Hi my angels,
How many of you are at work, feeling sleepy and yawning constantly ? I bet, many of you! It’s so difficult to concentrate at work when you are sleep deprived.I am a firm believer of beauty sleep. It has been proved by many studies and researches that a good 8 hours sleep affects how your body repairs itself. Sleep deprivation leads to problems like dark circles, dull skin, premature ageing, agitated behaviour and lack of concentration. There are days when no matter how hard you try, you just can’t sleep. Next morning, you wake up looking like a troll and you really don’t want that ever! Right? So, let’s read on and make use of these tips to sleep better, feel better and look better.
1. Take a bath:
Do you know your body temperature drops when it is getting ready for that good night sleep ? Taking a bath induces that drop. But, if you choose a hot water bath, shower or soak, make sure you take this night time bath 2 hours before hitting the bed. Hot water does improve blood circulation and feel more relaxing, but it also increases the temperature of your body. Remember to use your favorite bath products and let their aroma relax you.
2. Moisturise your body:
To look your best in the morning, make sure you moisturise yourself well before sleeping. The moisture you feed your skin during all these hours will work as a catalyst in the repair process. We all know dry skin ages rapidly than moisturised skin. Massage your hands and feet stressing on cuticles. Make sure you complete your night time skin care routine without a miss, so that your face looks soft, supple and ready for makeup in the morning.
3. Get an eye mask:
To obtain that peaceful sleep, grab an eye mask. When your brain senses total darkness, it produces melatonin harmones which induce sleep. Eye masks are economical and effective. There are a vareity of eye masks available in the market. Some have really cute girly prints on them. If you are one of those people, who complain of tiredness even after sleeping for 7-8 hours, you must get an eye mask. Eye mask will create a barrier for artificial light sources interfering with your body’s natural circadian rhythms.
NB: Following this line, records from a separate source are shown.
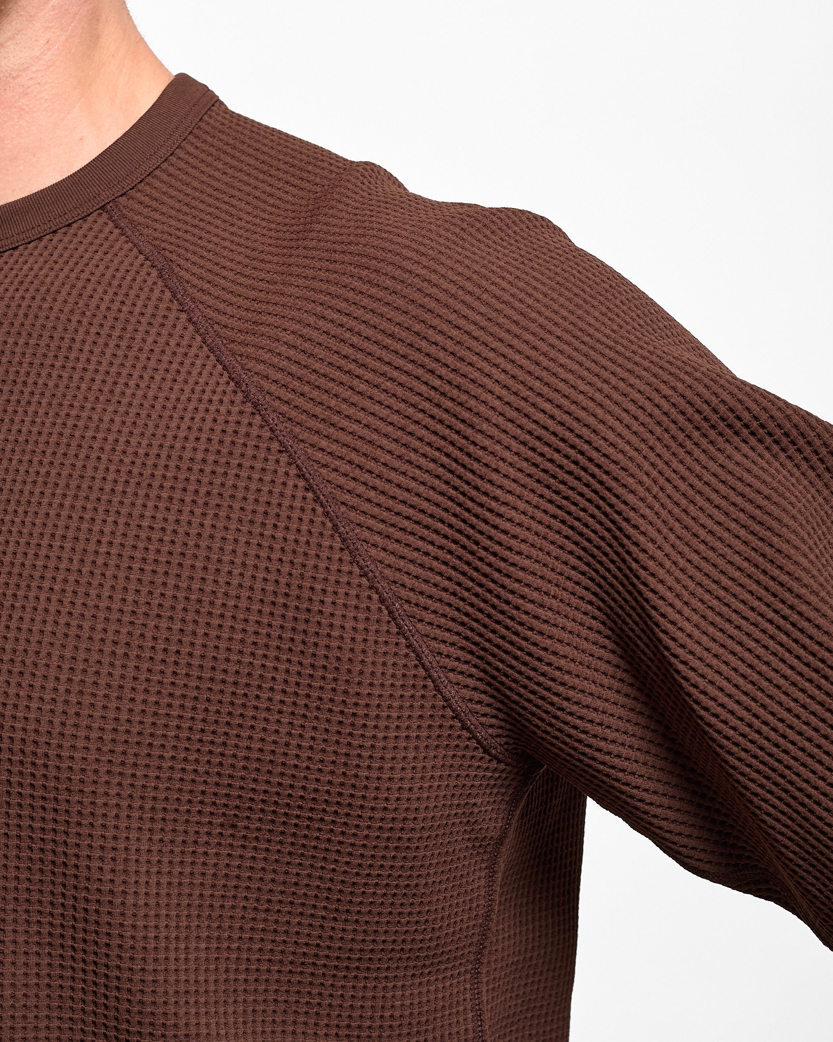This longsleeve is made from a lux and soft Solotex® waffle thermal fabric—it possesses a considerable volume while remaining lightweight. Essentially, it feels amazing and still performs when things get sweaty or cold.
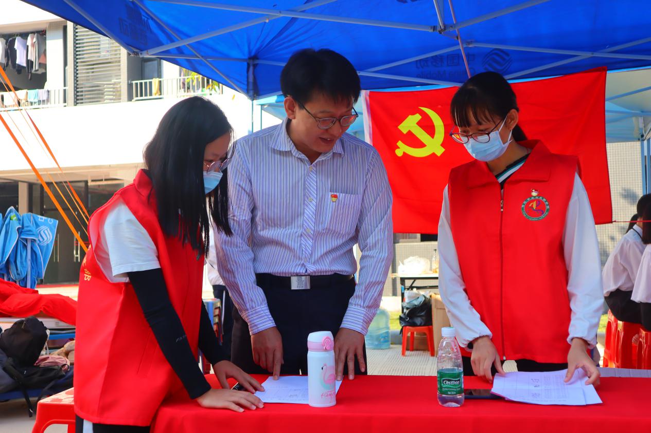 当天一大早,公司党总支书记陈丹雄、经理郑奕雄、党总支副书记周超雄,辅导员苏登、高结怡、孙晓芳来到新生报到现场看望新生、参加到迎新工作中。
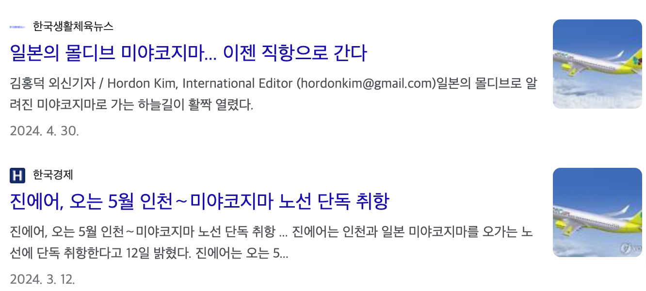 1. 항공 - 미야코지마 직항은? 진에어 (최저가 검색 바로 가기)
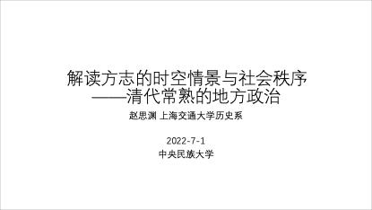 “第三届田野历史调查方法研习营”第五场讲座通过线上平台“腾讯会议”顺利举行。本次讲座由上海交通大学历史系副教授赵思渊老师主讲,由浙江大学历史系教授杜正贞老师担任主持人和对谈人,主题为“解读方志的时空情景与社会秩序——清代常熟的地方政治”。
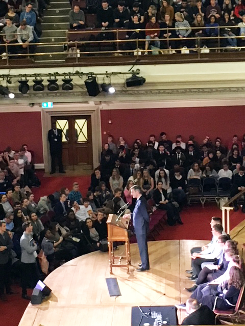 Our last two speakers were Jacob Rees Mogg and Nick Clegg. Jacob Rees Mogg split the hall in half, as it burst into both applause and boos, almost imitating the House of Commons. The queues to the microphones quickly resembled the queues to the canteen, with students hungry for answers to their questions. Nick Clegg ended the event with a speech on the importance of small parties in politics, a potential attempt to convince us to vote Liberal Democrat at the next election. He too spoke eloquently and answered questions with enthusiasm, even when they were quite critical.
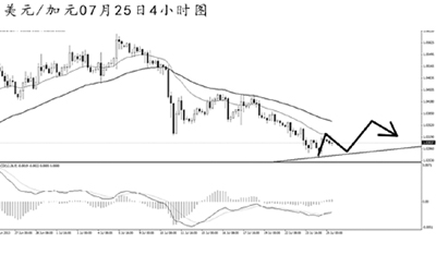 美元兌加元利用一周的時間構(gòu)筑起一個旗形中繼的調(diào)整形態(tài),此后匯價延續(xù)短線的跌勢。目前匯價運(yùn)行到了日線圖上升趨勢線的支撐位,能否有效跌破此線成為后市繼續(xù)下行的關(guān)鍵。小時圖MACD的底背離信號十分明顯,但均線系統(tǒng)保持壓制的狀態(tài),只有站穩(wěn)在1.0250下方才能考慮繼續(xù)入場做空。
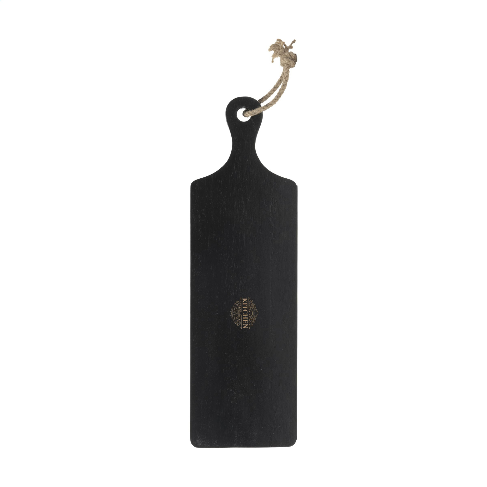 Tarjoilulauta koristenauhalla. Lauta on valmistettu vahvasta kumipuusta ja viimeistelty tyylikkäällä mustalla lakalla. Ihanteellinen tapaslaudaksi, jossa alkupalat kontrastivat kauniisti mustaa taustaa vasten, mutta sopii myös leikkuulaudaksi.

4. Set your smart phone on custom notifications:
You can’t sleep well with that phone of your ringing in every 2 seconds. Lower the brightness of your screen. Set an alarm and then customize your notifications to avoid disturbance caused by useless alerts. If possible, keep your smart phone away from your reach. I know its quite tempting to have your smartphone besides you. You can lose your sleep while you check that one facebook notification.
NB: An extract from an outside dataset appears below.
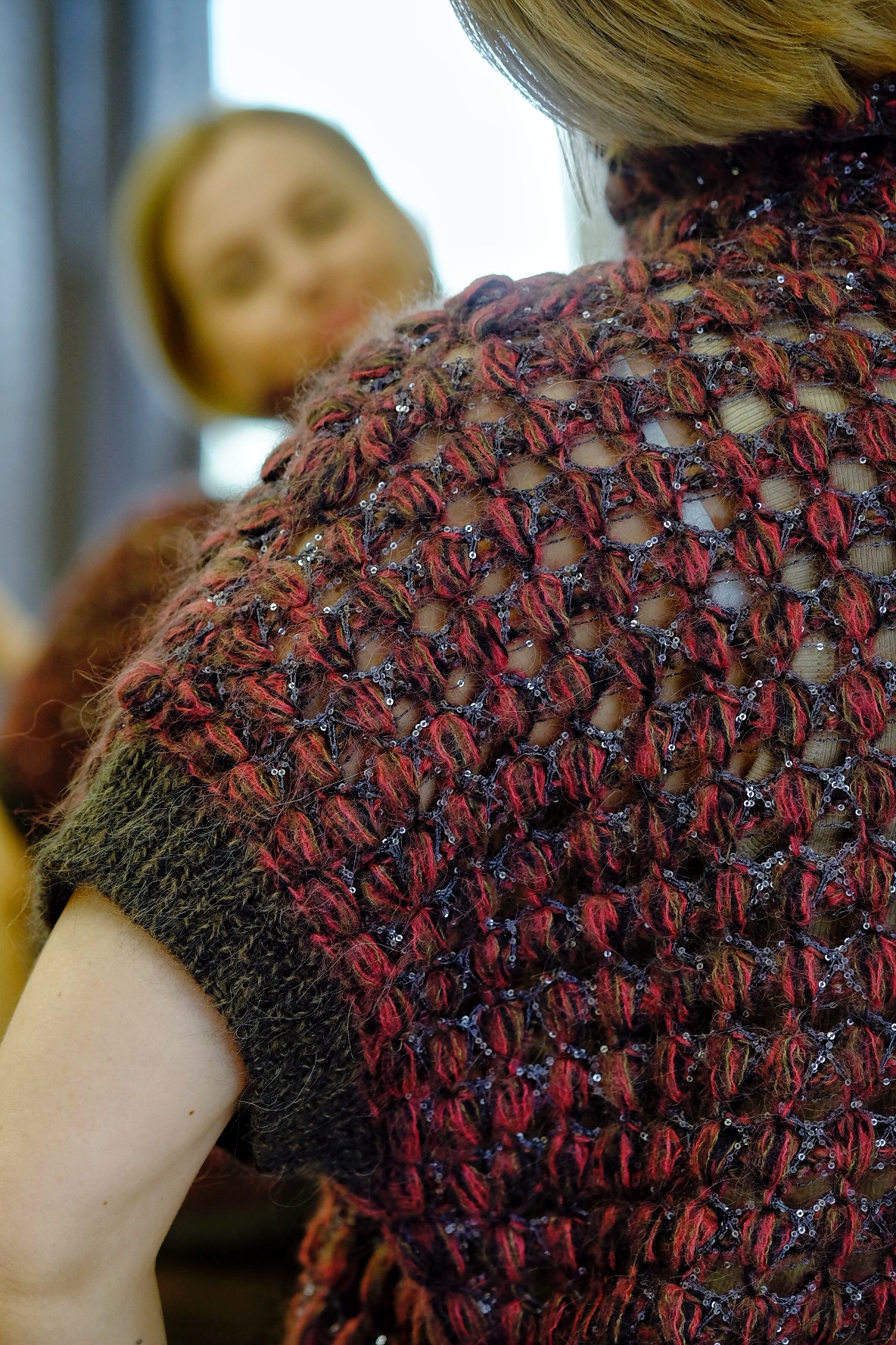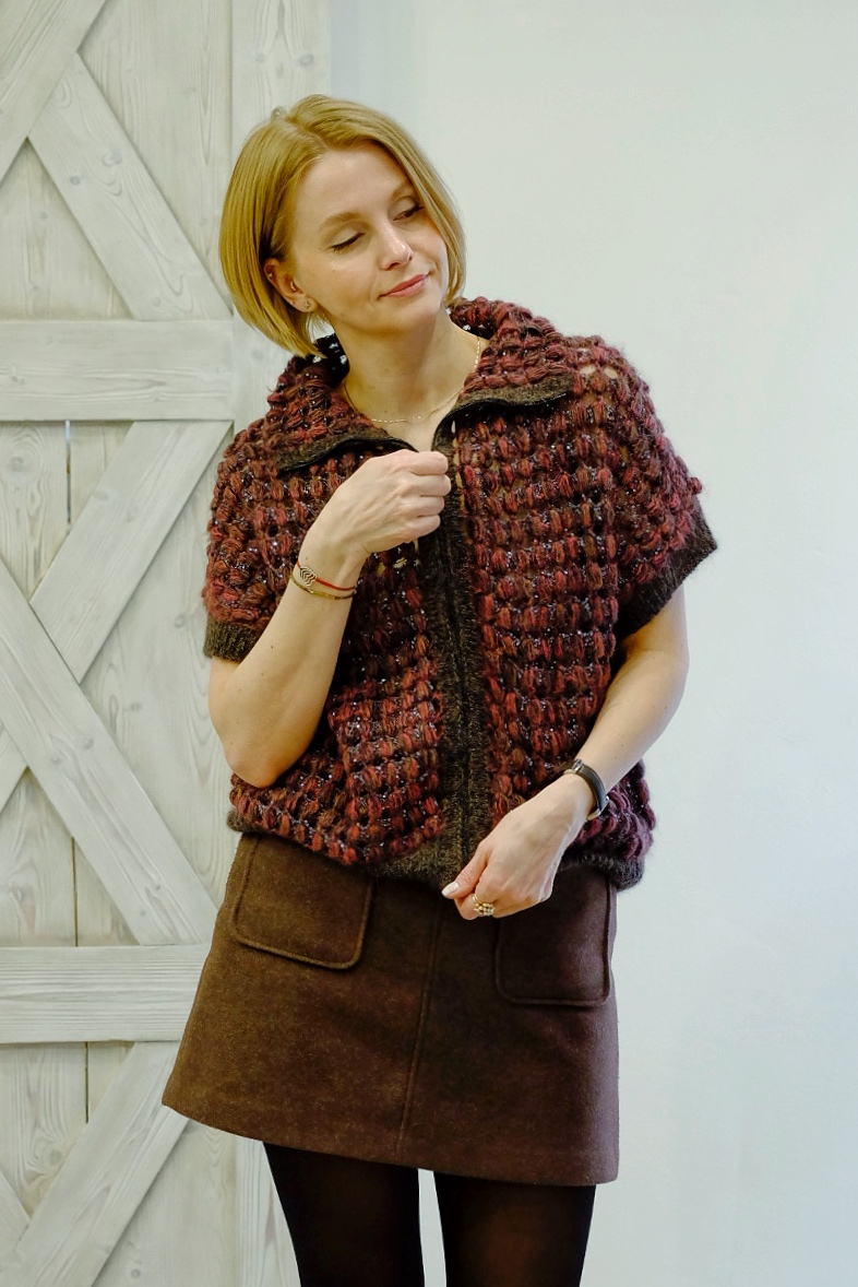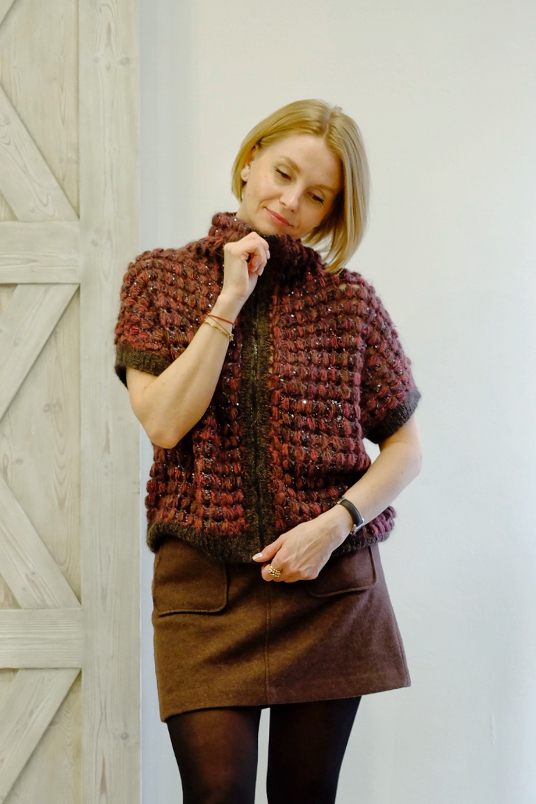 Жилет выполняется структурированным объемным узором JEWEL. Узор сочетает в себе объемные «шишки», обрамленные нитью с пайетками, выполняется крючком.

5. Use sleep inducing essential oils:
Chamomile, lavender, marjoram, valerian and vetiver essential oils help in relaxing and reducing stress levels. Make a homemade linen spray. Mix your favorite essential oil with distilled water. Store it in a spray bottle and spray it all over your sheets before you hit the sack.
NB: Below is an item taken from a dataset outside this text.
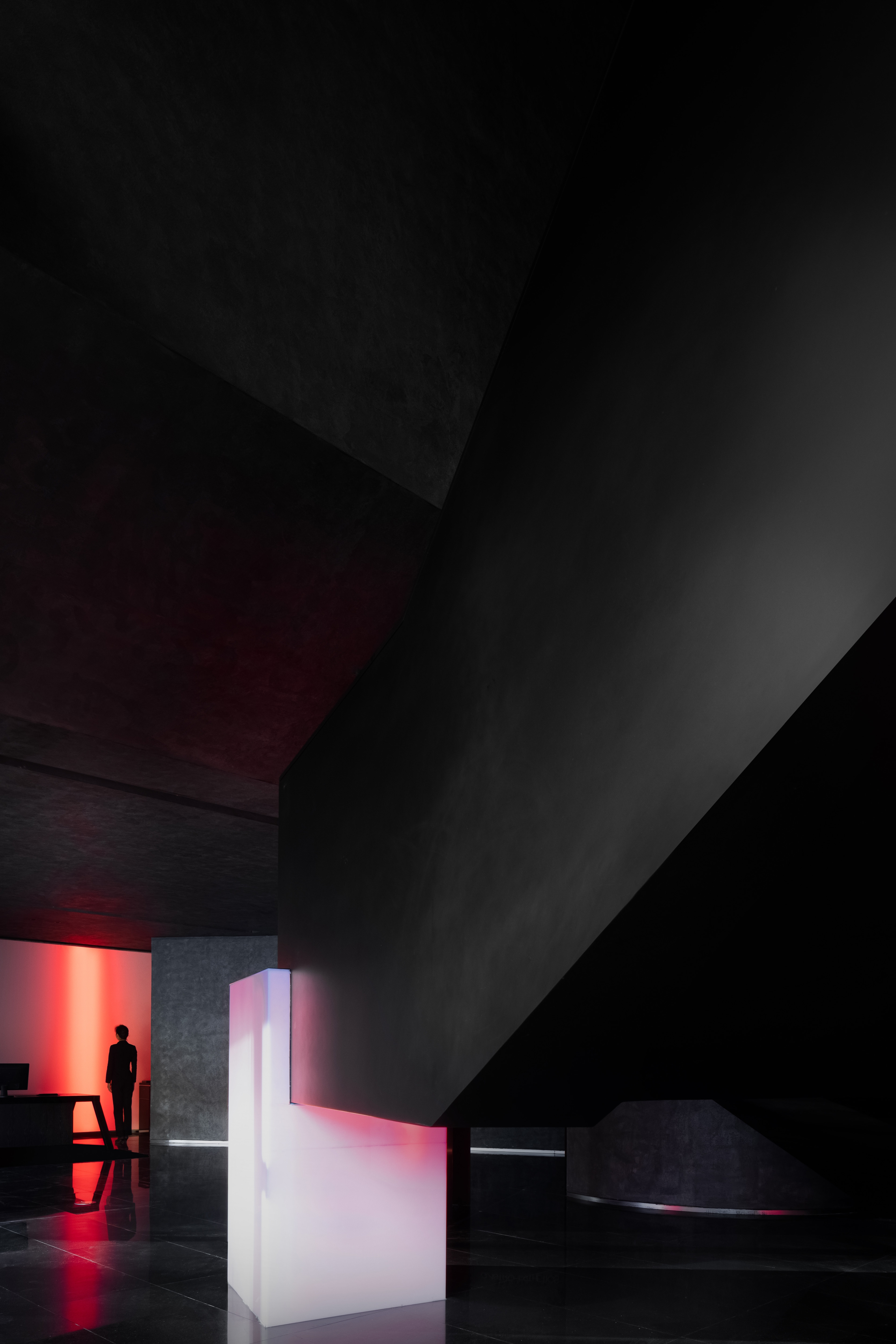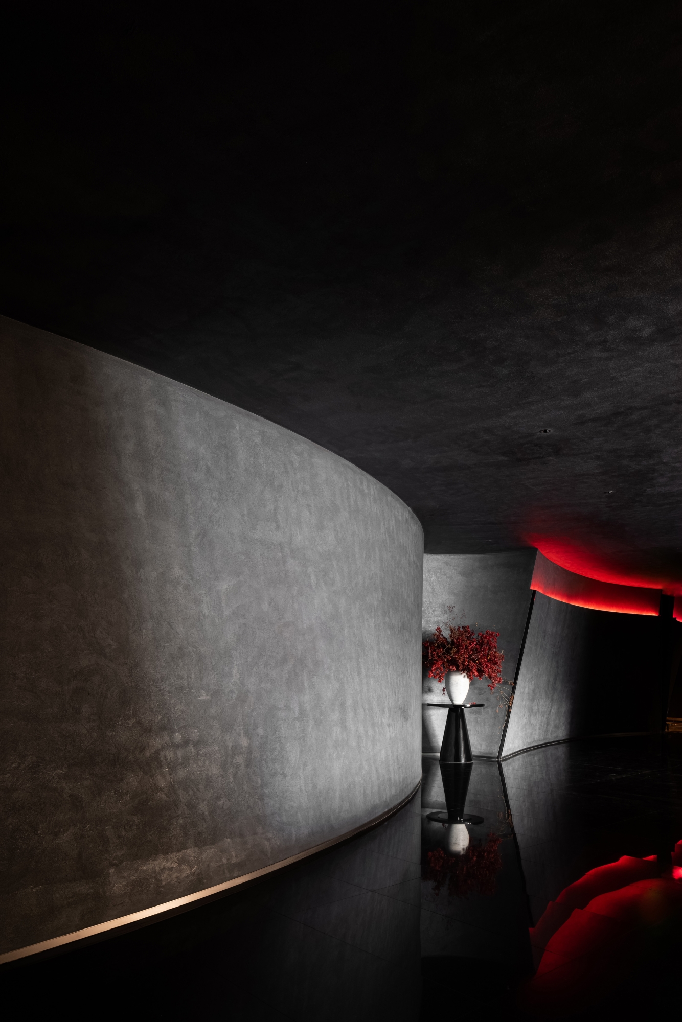 The project adopts modern materials and design techniques to interpret the Chinese restaurant. Curved surfaces and shapes divide the space and create the basic form of the restaurant. Curved forms break the stereotype of conventional Chinese restaurants, thus generating a unique spatial experience. Black mirrored stone materials applied to the floor create a water-like effect. Abstract forms reflected on the water-like floor make people feel as if they are walking into a beautiful “landscape painting”.

6. Check your bedsheet and pillows:
Make sure your bedsheet and pillows are clean. They shouldn’t smell of anything odd like a hair oil, napthelene balls or strong detergent. For me cleanliness is next to super sleepiness. Dirty pillow can irritate your facial skin and cause acne. Check and change them if needed before sleeping.
7. Avoid caffeine :
Caffeine is a strict no-no before sleeping. It blocks sleep inducing harmones and increases adrenaline production. Caffiene intake for longer periods will increase the risk of insomia. Avoid tea, coffee or any caffinieted drink to sleep peacefully.